Mino Milani, il Pratt della scrittura: l'avventura come vocazione




Alberto Pezzini
Ha da non molto superato gli ottantacinque anni d’età e in libreria è apparso il libro a fumetti Capitan Cormorant e altre storie (edizioni Rizzoli Lizard), firmato da Hugo Pratt per i disegni e da lui e Alberto Ongaro per i testi e le sceneggiature. Si tratta del ritorno di un classico del fumetto a cinquant’anni dalla pubblicazione a puntate sul Corriere dei Piccoli: dopo Sandokan  e L'isola del tesoro, un nuovo omaggio, non solo al genio del creatore di Corto Maltese, Hugo Pratt, e al genere da lui prediletto, l’avventura, ma anche al nostro Mino Milani, uno scrittore per il quale l’avventura ha a sua volta coinciso col suo specifico angolo visuale dell’intera storia umana.

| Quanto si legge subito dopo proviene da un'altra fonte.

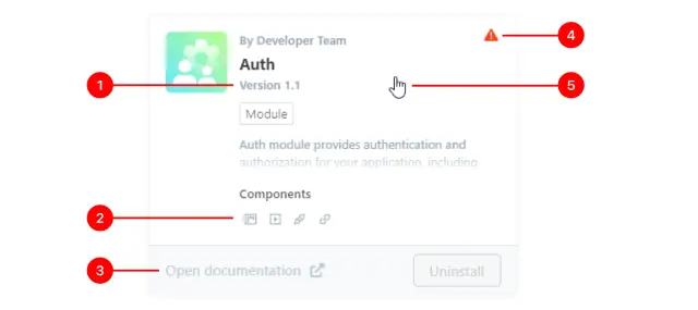 Podgląd wyświetla podstawowe informacje o module: aktualną wersję (1), ikony komponentów, które dodaje do aplikacji (2) oraz link do strony Documents z jego opisem (3). Jeśli zajdzie potrzeba skonfigurowania modułu (lub jest on skonfigurowany nieprawidłowo), w rogu pojawi się ikona ostrzeżenia (4). Aby otworzyć okno informacji i ustawień, kliknij raz na podglądzie (5).
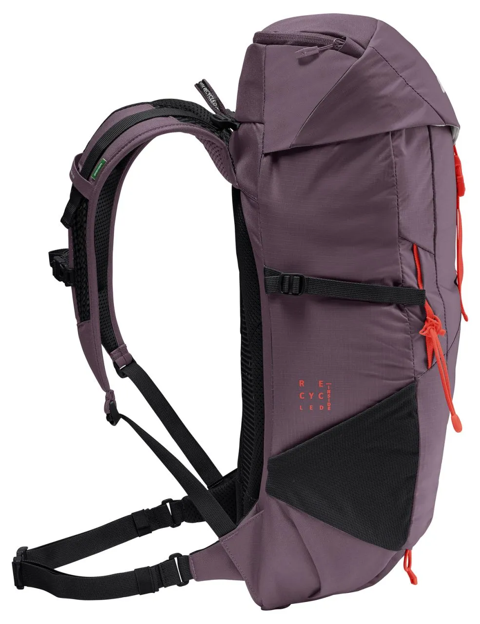 Petit sac à dos de randonnée moderne pour femme – les bretelles et les stabilisateurs de Neyland 18 sont spécialement adaptés à l’anatomie féminine. Le système dorsal innovant avec modules de mousse structurée derrière le filet assure d’une part une bonne aération et un contact stable sur le dos d’autre part, afin de permettre au sac à dos avec chargement par le haut de reposer uniformément sur le dos malgré la ventilation. La plaque EMP (ergonomic movement panel) intégrée soutient la flexion naturelle du dos en montée et stoppe la pression des bagages sur le dos dans le même temps. Le petit sac à dos de randonnée pour femme est muni d’un rabat avec compartiment, d’un compartiment principal spacieux, d’un logement séparé pour système d’hydratation et d’un logement avec housse de pluie. Les poches latérales élastiques permettent de ranger une boisson, un bonnet, des gants ou d’autres petites affaires. Un porte-bâtons et les sangles de compression latérales permettent de fixer des bâtons de randonnée et d’autres bagages. Women’s Neyland 18 est fabriqué en matériau principalement recyclé et climatiquement neutre de surcroit : les émissions issues des matériaux, de la fabrication et du transport ont été déterminées de manière holistique et systématiquement réduites. Les émissions actuellement inévitables sont compensées par l’organisation indépendante à but non lucratif « myclimate ». Le label Green Shape de VAUDE garantit un produit écologique, fonctionnel et fabriqué dans des matériaux durables certifiés bluesign®.
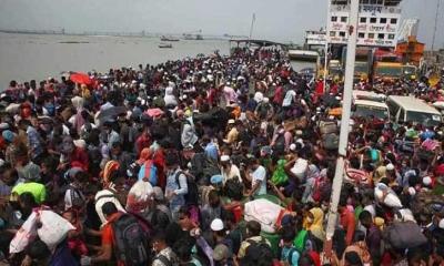 ফেরি চলাচল বন্ধ তবুও ঘাটে মানুষের ঢল
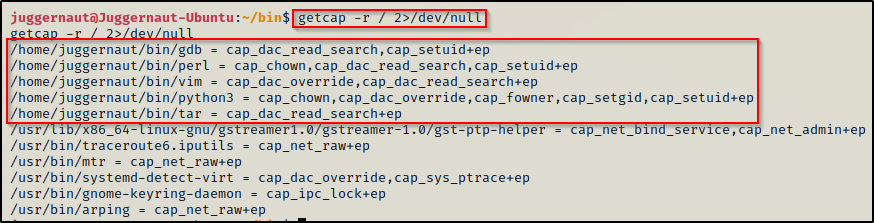 需要注意的是,我们需要使用二进制文件的绝对路径,或者cd到包含二进制文件的文件夹并使用 ./ 符号来执行我们的命令。由于设置了 capabilities 的二进制文件是原始二进制文件的副本,如果我们使用相对路径来执行它们,它将遵循 PATH 变量并最终执行默认的二进制命令而非设置了capabilities的命令。对于这些示例,我们将使用绝对路径来 100% 确保我们使用的是正确的二进制文件。此示例中的二进制文件位于 Juggernaut 用户家目录中下的名为 /bin 的自定义文件夹中。
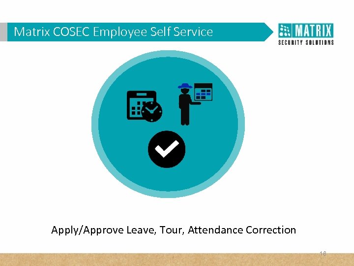 Matrix COSEC Corporates? WHY VAM in. Employee Self Service Apply/Approve Leave, Tour, Attendance Correction 16
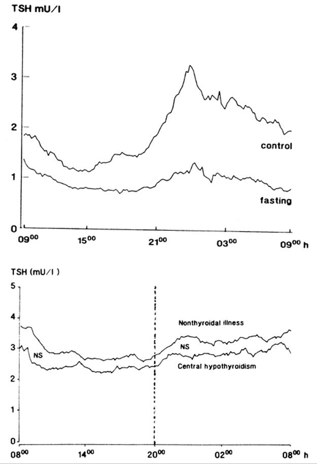 The failure of serum TSH concentrations to increase despite marked reductions in serum T3 and sometimes T4 concentrations, as occur in patients with thyroid disease, suggests that the sensitivity of TSH secretion to low serum thyroid hormone concentrations is decreased in patients with nonthyroidal illness. This could be due to changes in the thyrotrophs or to decreased TRH secretion. Evidence for the latter is a decrease in the amplitude (but not frequency) of the nocturnal pulses of TSH secretion; such decreases in pulse amplitude have been documented during fasting (22), after surgery (23), and in a wide variety of nonthyroidal diseases, including chronic renal insufficiency, diabetes mellitus, acute respiratory failure, infections, cancer, and critical illness (24,25,26,27,28). For example, fasting for 60 hours results in disappearance in the nocturnal surge in TSH secretion and a 50% reduction in 24-hour mean serum TSH concentrations (Fig. 11D.3), as well as decreases in serum T3 and increases in serum rT3 concentrations (22). Among patients with nonthyroidal illnesses, the nocturnal surge in TSH secretion is decreased in at least half, and the decrease is not closely related to changes in serum T3 or free T4concentrations (26). The pattern of 24-hour TSH secretion in these patients, therefore, is similar to that in many patients with central hypothyroidism (Fig. 11D.3) (29). If the abnormal pattern of TSH secretion persists for a week or longer in patients with nonthyroidal illness, then their T4 production rate should decrease, as it does in patients with central hypothyroidism.
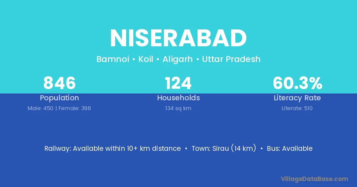 Sirau (14 km) is the nearest town to Niserabad village for major economic activities and is located approximately 14 km away.
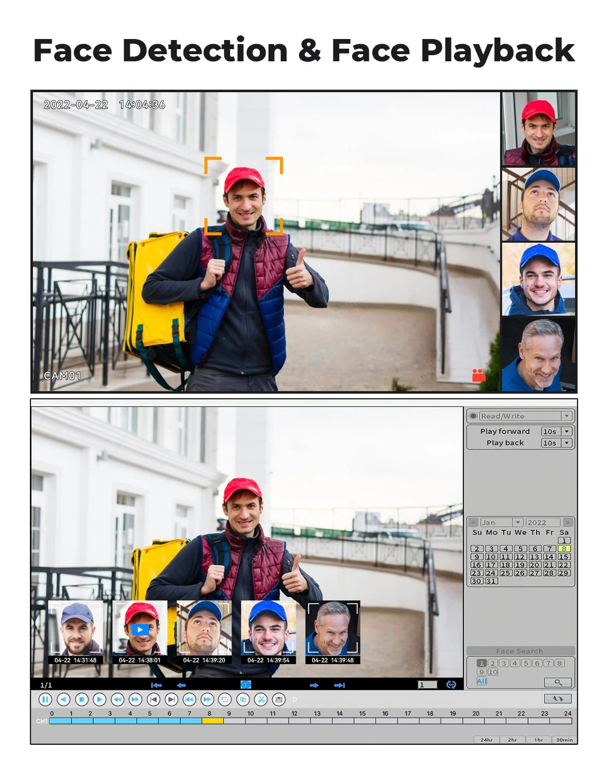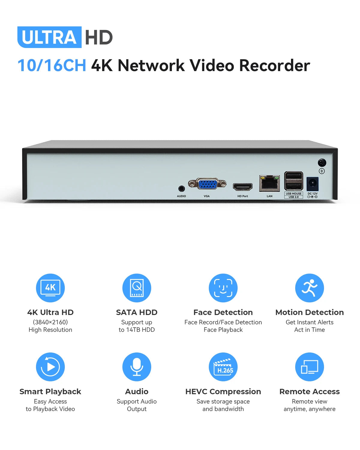 4K 8MP ONVIF 2.4 NVR 16CH Face Detect CCTV Security Network Video Recorder for IP Cameras, P2P Cloud, 24/7 Recording

Guglielmo Milani, detto Mino, conosciuto anche con gli pseudonimi di Stelio Martelli, Eugenio Ventura e Piero Selva, nasce a Pavia il 3 febbraio del 1928, di segno zodiacale Acquario, si laurea in Lettere nel 1950 e comincia a scrivere per il Corriere dei Piccoli. Quando si butta nel mondo dei giornali è un giovane sconosciuto. Gli brucia addosso una voglia terribile di scrivere storie, e avventure. Fa una scorta di prammatica dei rifiuti delle case editrici. In cima ci tiene a ricordare quello della Rizzoli: una lettera che apre con le mani un po’ tremolanti, piena di insulti (!). Soltanto nel 1990 ne parla con Edmondo Araldi, direttore della narrativa italiana Rizzoli, e gli racconta di quelle parole che lo avevano fatto piangere di rabbia. Gli avevano detto che la Rizzoli era una casa editrice con la C maiuscola e di smetterla di scrivere. Milani conclude dicendo che gli fece più bene che male. Ma sarebbe stato un insulto per tutti noi se non avesse più scritto. Ci saremmo persi Tommy River, un cow-boy malinconico e riflessivo, un personaggio alla Clint Eastwood, oppure Efrem, contadino che diventa cavaliere sotto Giovanni Acuto, oppure Sir Crispino, un inglese nobile con l’avventura  nelle vene.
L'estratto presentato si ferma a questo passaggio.